I never was. Not that I think there’s anything wrong with it, it just wasn’t for me. I usually get embedded with civilians. I’m more comfortable with that kind of coverage. There was a real split in who came. There were lots of people who were Pentagon reporters, I was a regional reporter, I had covered the Arab world and so that’s where my expertise was, if I had any. I chose to stay on the civilian side of things.


An Iraqi woman and her children flee the fighting in southern Iraq’s main city of Basra on March 28, 2003. Photo by Odd Andersen/AFP/Getty Images.

What did you do after Iraq?

I went to Syria and started covering the Iraqi refugees. I came back to the Middle East after the Rafik Hariri assassination was there in 2006 during the Israeli invasion of Beirut. Then, all of a sudden it became clear that there were 2 million Iraqis in Damascus.
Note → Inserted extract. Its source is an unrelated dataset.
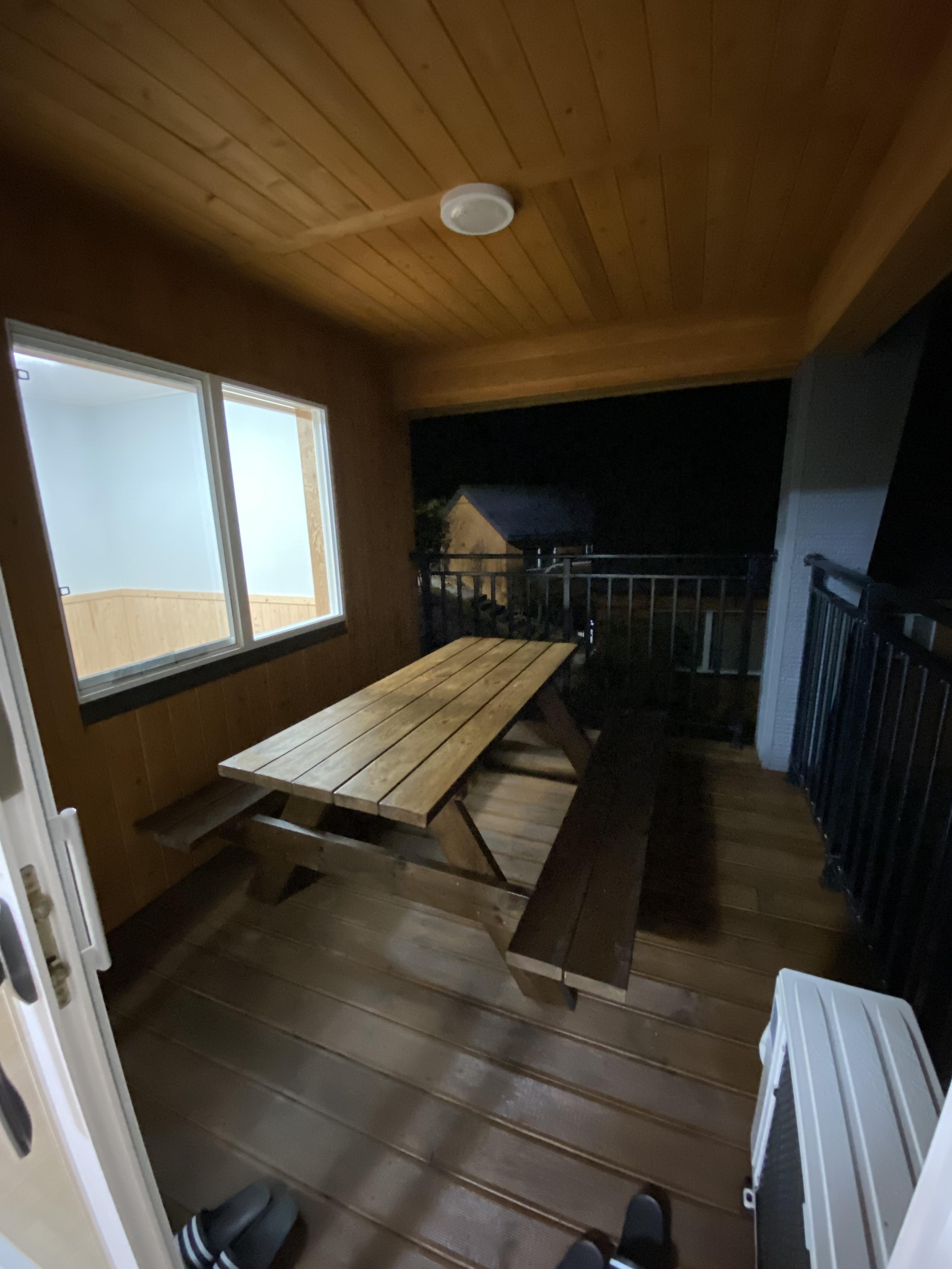 방은 세명은 충분히 잘 수 있는 공간이고 야외 테라스에서는 고기를 구워 먹을 수 있는 테이블이 마련되어 있습니다. 밤이라 몰랐으나 테라스 나가면 눈앞에 편백나무가 딱!!!!

So I was covering the shadow of the Iraq war by covering the refugees in Damascus, because there were 2,000 arriving every day.

In looking at the lives of displaced refugees or considering reconstruction efforts within Iraq, is there progress that’s going unmentioned as other Middle East conflicts have taken more attention in recent years? Did we forget about Iraq because the war has essentially ended?

I don’t think it’s because the war has ended, honestly. I think the reason that we don’t talk about it much is because I think the American Public doesn’t want to hear about it, and that usually means our editors don’t want to hear about it. I don’t want to compare it to Vietnam, but I think it’s going to take us awhile as a country to assess that war and its cost and whether or not it was worth it or not. My sense is that it’s very hard to get Iraq coverage in the newspaper. Of course, within the Middle East there are other things that take its place. I saw this happen in Lebanon after 1982. There are some moments where we just turn our eyes away for a while. It’s either too painful or we haven’t assessed it properly. In this case we have a 10-year anniversary so we’re forced to look back.

What were some of the things that stayed with you from your reporting?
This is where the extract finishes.